_Exercise requirements_.
Transcribe all data verbatim. Skip the pictures.

_Dataset extract_.
= = = = = = =
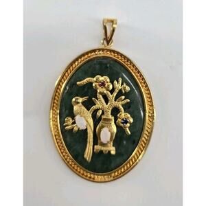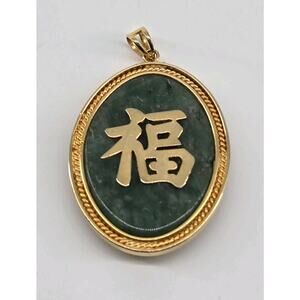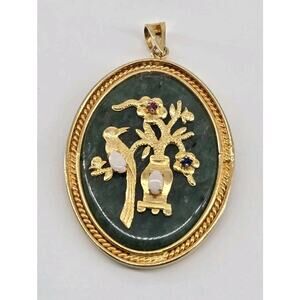 Vtg Chinese Jade Blessings Fortune Pendant Opals Red And Blue Stone Gold Tone
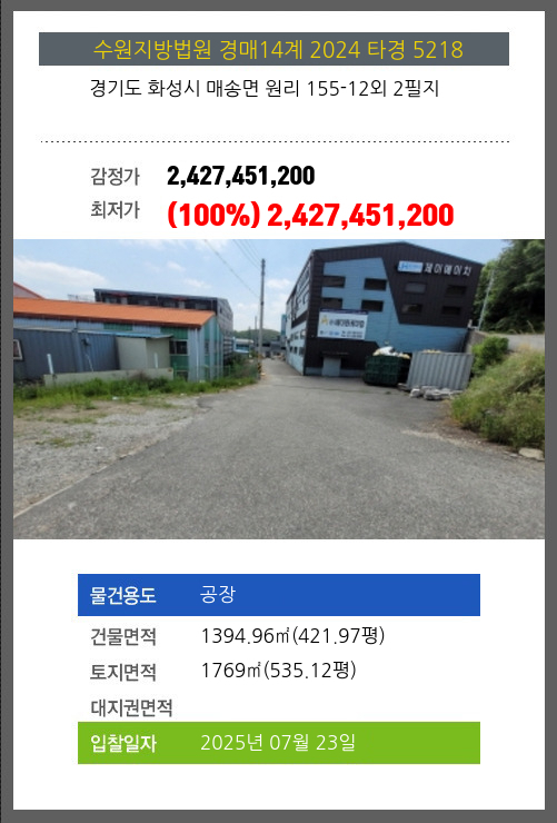 | 용도 | 공장 | 채권자 | ㈜** | 감정가 | 2,427,451,200 |
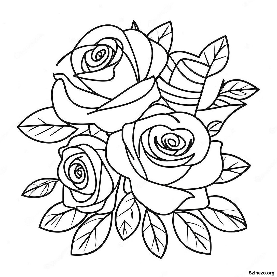 Töltse le a nyomtatható PDF verzióját a(z) Romantikus Rózsacsokor Színező Oldal oldalnak
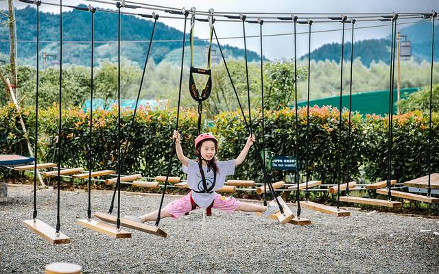 值得一提的是,这里也有一项低空蹦极体验,“一生一定要蹦一次极”的欲望一定要来实现一次,全程佩戴安全吊带让你安全着陆。
= = = = = = =
_Written solution_.
 Vtg Chinese Jade Blessings Fortune Pendant Opals Red And Blue Stone Gold Tone
 | 용도 | 공장 | 채권자 | ㈜** | 감정가 | 2,427,451,200 |
 Töltse le a nyomtatható PDF verzióját a(z) Romantikus Rózsacsokor Színező Oldal oldalnak
 值得一提的是,这里也有一项低空蹦极体验,“一生一定要蹦一次极”的欲望一定要来实现一次,全程佩戴安全吊带让你安全着陆。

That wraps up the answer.